When I use thick client mode, I am able to directly use the DBObject.Attribute_Name to retrieve the attribute values from a row.
However this same step fails if I do not use thick mode.

I would like to have this working in thin mode as I want to eventually use this from a simple AWS Lambda function.

Has anyone been able to use thin mode to successfully decode non utf-8 encoded Oracle DB?
If so what is the secret?

@anthony-tuininga anthony-tuininga added the bug Something isn't working label May 17, 2024
@anthony-tuininga anthony-tuininga self-assigned this May 17, 2024
@anthony-tuininga
Copy link
Member Author

I am able to confirm that the issue is due to the presence of an xmltype attribute within a database object and will see what is needed to address this issue.

@anthony-tuininga
Copy link
Member Author

Good news! I was able to correct the issue.
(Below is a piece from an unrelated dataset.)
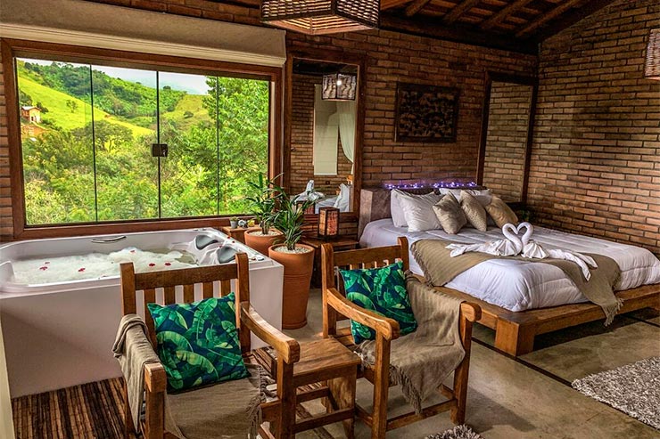 A Espelho d’água é outra opção entre os hotéis e pousadas em Gonçalves. Está a apenas 1 km de distância do centro da cidade, mas, mesmo assim, em meio à natureza. Os chalés têm sala de estar e banheira de hidromassagem. Os hóspedes gostam da vista, do atendimento e da localização (nota 9,1 no Booking).

If you are able to build from source you can verify that it works for you, too.

@bnvader
Copy link

bnvader commented May 18, 2024

Great. I have not been building or installing from source. I am using Anaconda/Spyder IDE for this development and not sure how to build from source using that. But let me check.

@bnvader
Copy link

bnvader commented May 18, 2024

I was able to build from source and tried to replace the oracledb folder content with the new local oracledb folder content but must be missing something. Sorry, I'm new to python and may not fully understand the module loading part here.

It fails with error -
File ~\Documents\software\python\batch_extracts\scripts./txgov_batch_audit_db.py:12
import oracledb
File ~\AppData\Local\anaconda3\Lib\site-packages\oracledb_init_.py:43
from . import base_impl, thick_impl, thin_impl
File ~\AppData\Local\anaconda3\Lib\site-packages\oracledb\base_impl.py:9
bootstrap()
File ~\AppData\Local\anaconda3\Lib\site-packages\oracledb\base_impl.py:7 in bootstrap
mod = importlib.util.module_from_spec(spec)
ImportError: DLL load failed while importing base_impl: The specified module could not be found.

@anthony-tuininga
Copy link
Member Author

I don't know what games Anaconda plays with modules. In a regular installation, however, there should not be a base_impl.py but only a base_impl.pyd! It might be better to rename the original directory and copy the new content from the build directory to the same named directory. It is possible that not all of the files were replaced and are wreaking havoc! Another option that I use is to simply set the environment variable PYTHONPATH to point to the build directory. You can also run python setup.py build install and that should also work.

@bnvader
Copy link

bnvader commented May 18, 2024

I did just copy the oracledb folder in its entirety to the location where anaconda keeps the sitepackages. But it is failing to load.
I guess I will just wait for this to be available where I can install it using pip install from anaconda as before.

@anthony-tuininga
Copy link
Member Author

It might be easier for you to do this, then, in the source directory:

python -m build

This will create a wheel in the dist subdirectory. You can then install that wheel in the same way you install other wheels.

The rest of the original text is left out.